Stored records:
────────

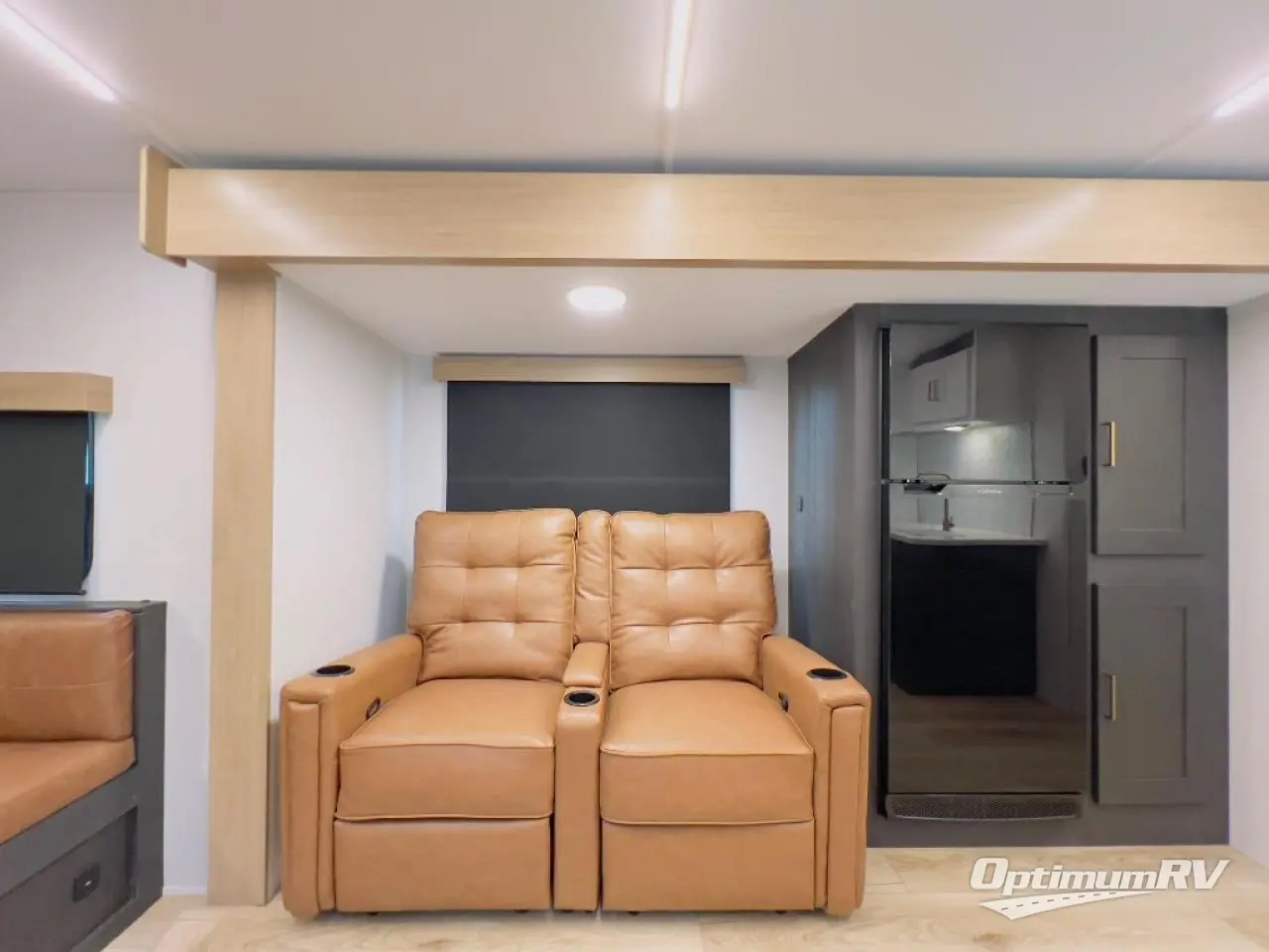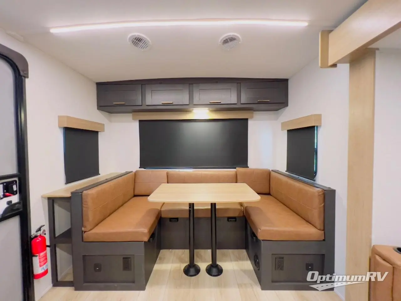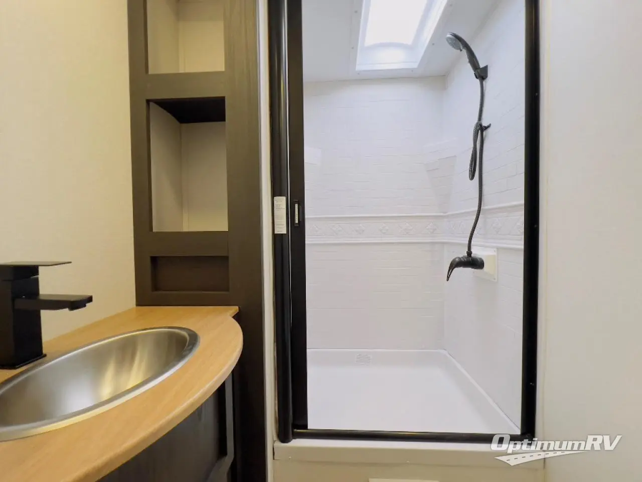 You and your spouse will love camping in this travel trailer! It features a front private bedroom with a king bed to lay your head on at night. Freshen up each morning in the full bathroom with a shower that has a skylight above to bring the outdoors inside. The chef can prepare their best home cooked meals with the three burner cooktop, conventional oven, and 10.7 cu. ft. 12V refrigerator. Enjoy all of your meals and play games at the rear U-shaped dinette, plus it can transform into an extra sleeping space for an extra guest or two depending on their size. With theater seating and an entertainment center with a fireplace, you can have a truly relaxing evening indoors!
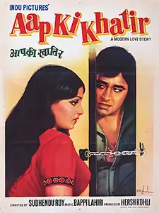 Aap Ki Khatir (transl. For your sake) is a 1977 Bollywood film, produced by Harsh Kohli and directed by Sudhendu Roy. The stars are Vinod Khanna, Rekha, Helen and Om Shivpuri. The film's music is by Bappi Lahiri. The last song in the film "Bombay se Aaya Mera Dost" became a memorable hit. The film is a remake of the American film For Pete's Sake (1974).[1]
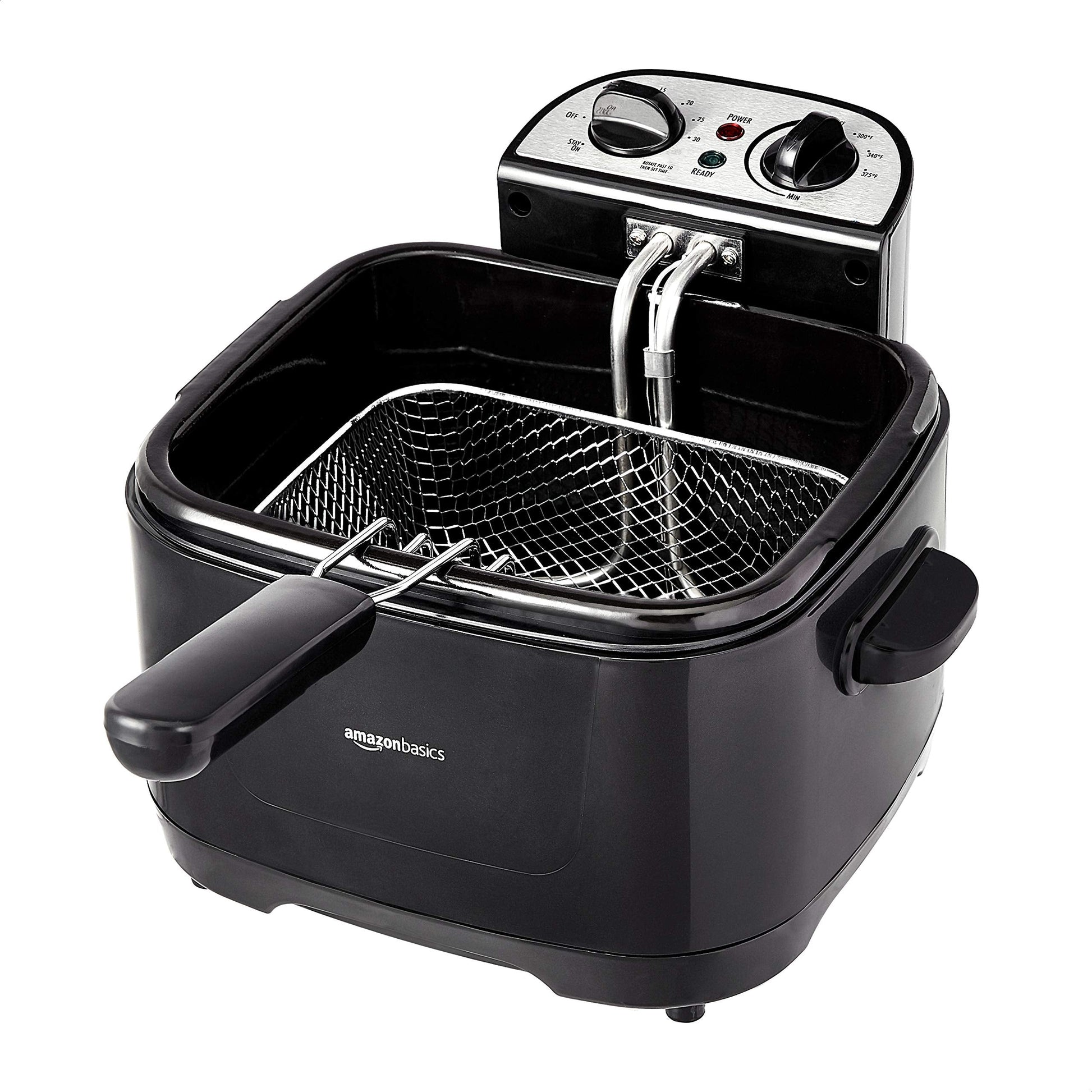 Amazon Basics 2.1-Qt (2.0L) Electric Deep Fryer with 8-Cup Oil Capacity, Timer, Adjustable Temperature, Easy Draining Basket, Viewing Window, 1500W, Black
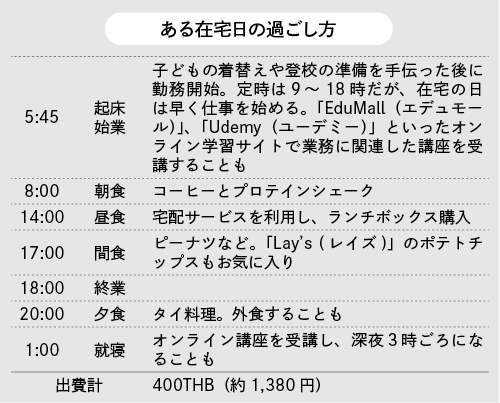 新型コロナの拡大防止策として、会社の要請で週5日のうち3日は在宅勤務のクンさん。タイでは2020年12月15日現在、市中感染はほぼ抑えられている状況だが、21年1月15日まで非常事態宣言の延長が決定しており、一部企業では今も在宅勤務を継続している。
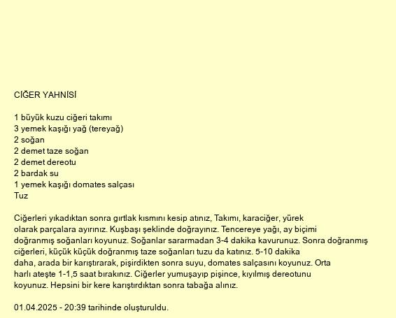 Ciğerleri yıkadıktan sonra gırtlak kısmını kesip atınız, Takımı, karaciğer, yürek olarak parçalara ayırınız. Kuşbaşı şeklinde doğrayınız. Tencereye yağı, ay biçimi doğranmış soğanları koyunuz. Soğanlar sararmadan 3-4 dakika kavurunuz. Sonra doğranmış ciğerleri, küçük küçük doğranmış taze soğanları tuzu da katınız. 5-10 dakika daha, arada bir karıştırarak, pişirdikten sonra suyu, domates salçasını koyunuz. Orta harlı ateşte 1-1,5 saat bırakınız. Ciğerler yumuşayıp pişince, kıyılmış dereotunu koyunuz. Hepsini bir kere karıştırdıktan sonra tabağa alınız.
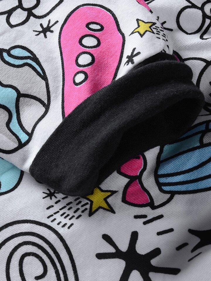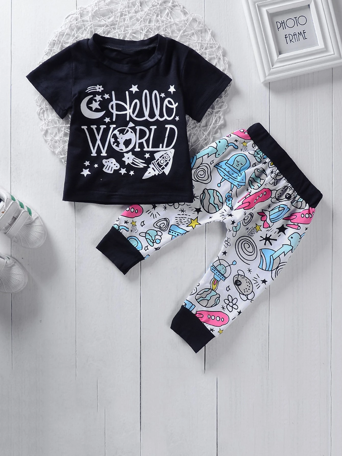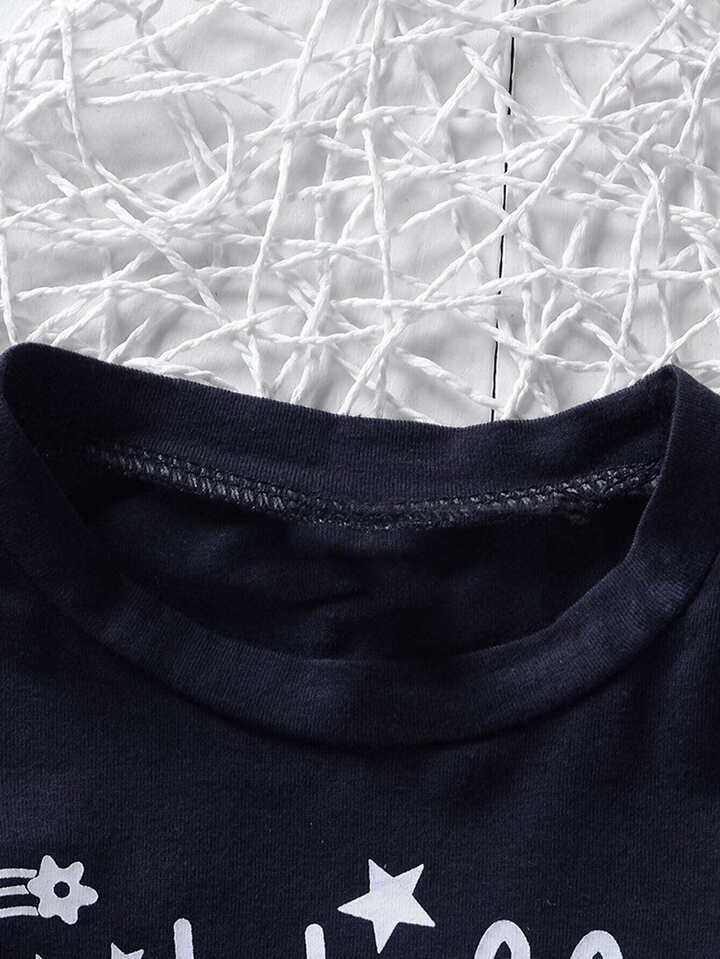 تي شيرت بناتي بطباعة كارتوني وحروف مع سروال
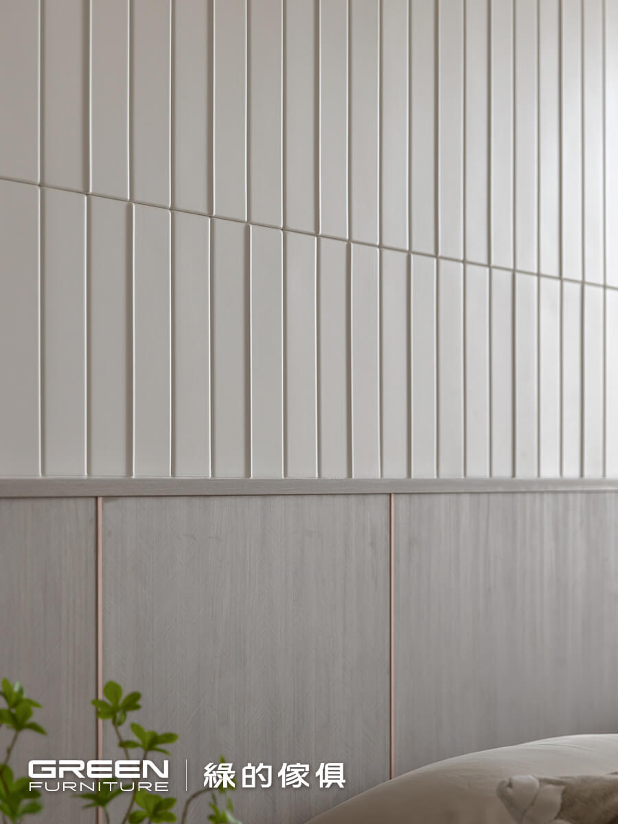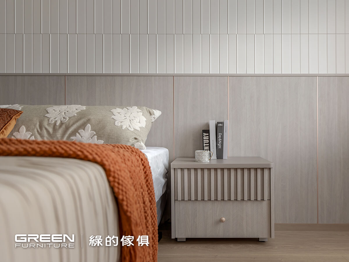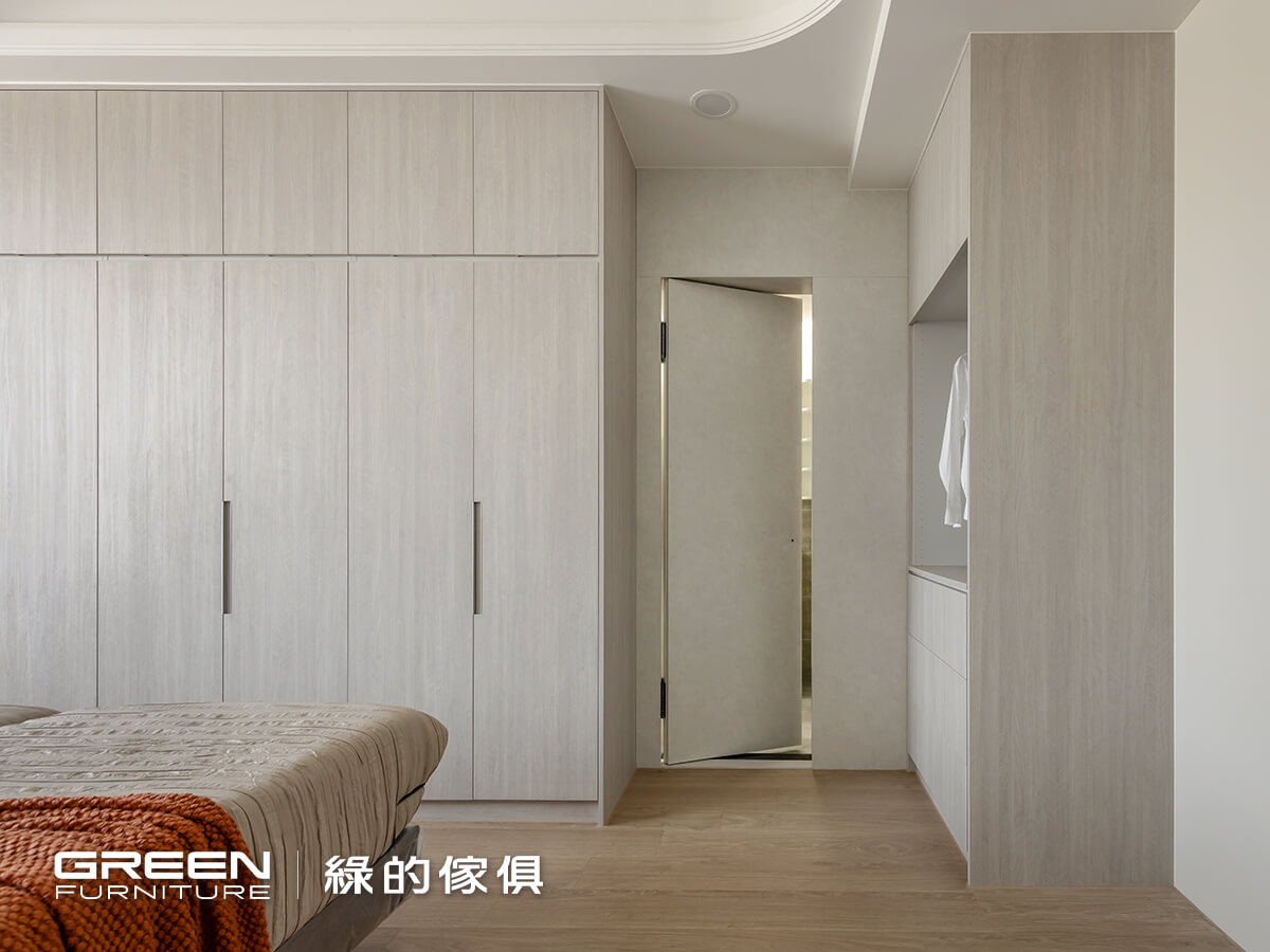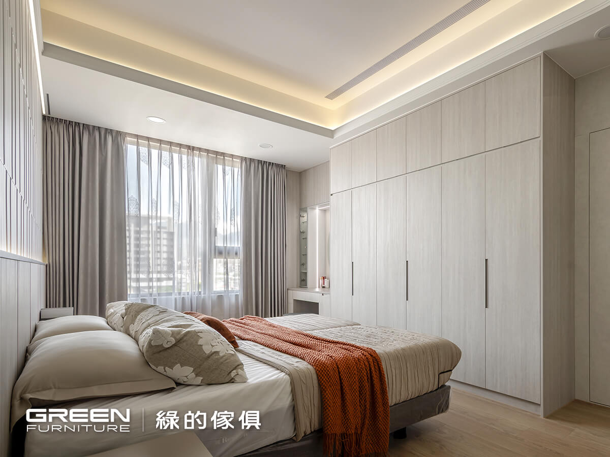 主臥以淺色調與不同明度的連續色塊整合空間,床頭訂製皮雕板可替換顏色與造型,讓空間隨時間與心境而變化。系統衣櫃與化妝桌一體成型,機能與美感兼具;天花板及床頭板設置間接照明,營造出舒適的睡眠氛圍。

────────

**YOUR ASSIGNMENT**: Starting at the line that contains "Amazon Basics 2.1-Qt", output every line through the end of the data, both ends included, and nothing else; pictures stay out.

**OUTPUT BELOW**:
 Amazon Basics 2.1-Qt (2.0L) Electric Deep Fryer with 8-Cup Oil Capacity, Timer, Adjustable Temperature, Easy Draining Basket, Viewing Window, 1500W, Black
 新型コロナの拡大防止策として、会社の要請で週5日のうち3日は在宅勤務のクンさん。タイでは2020年12月15日現在、市中感染はほぼ抑えられている状況だが、21年1月15日まで非常事態宣言の延長が決定しており、一部企業では今も在宅勤務を継続している。
 Ciğerleri yıkadıktan sonra gırtlak kısmını kesip atınız, Takımı, karaciğer, yürek olarak parçalara ayırınız. Kuşbaşı şeklinde doğrayınız. Tencereye yağı, ay biçimi doğranmış soğanları koyunuz. Soğanlar sararmadan 3-4 dakika kavurunuz. Sonra doğranmış ciğerleri, küçük küçük doğranmış taze soğanları tuzu da katınız. 5-10 dakika daha, arada bir karıştırarak, pişirdikten sonra suyu, domates salçasını koyunuz. Orta harlı ateşte 1-1,5 saat bırakınız. Ciğerler yumuşayıp pişince, kıyılmış dereotunu koyunuz. Hepsini bir kere karıştırdıktan sonra tabağa alınız.
 تي شيرت بناتي بطباعة كارتوني وحروف مع سروال
 主臥以淺色調與不同明度的連續色塊整合空間,床頭訂製皮雕板可替換顏色與造型,讓空間隨時間與心境而變化。系統衣櫃與化妝桌一體成型,機能與美感兼具;天花板及床頭板設置間接照明,營造出舒適的睡眠氛圍。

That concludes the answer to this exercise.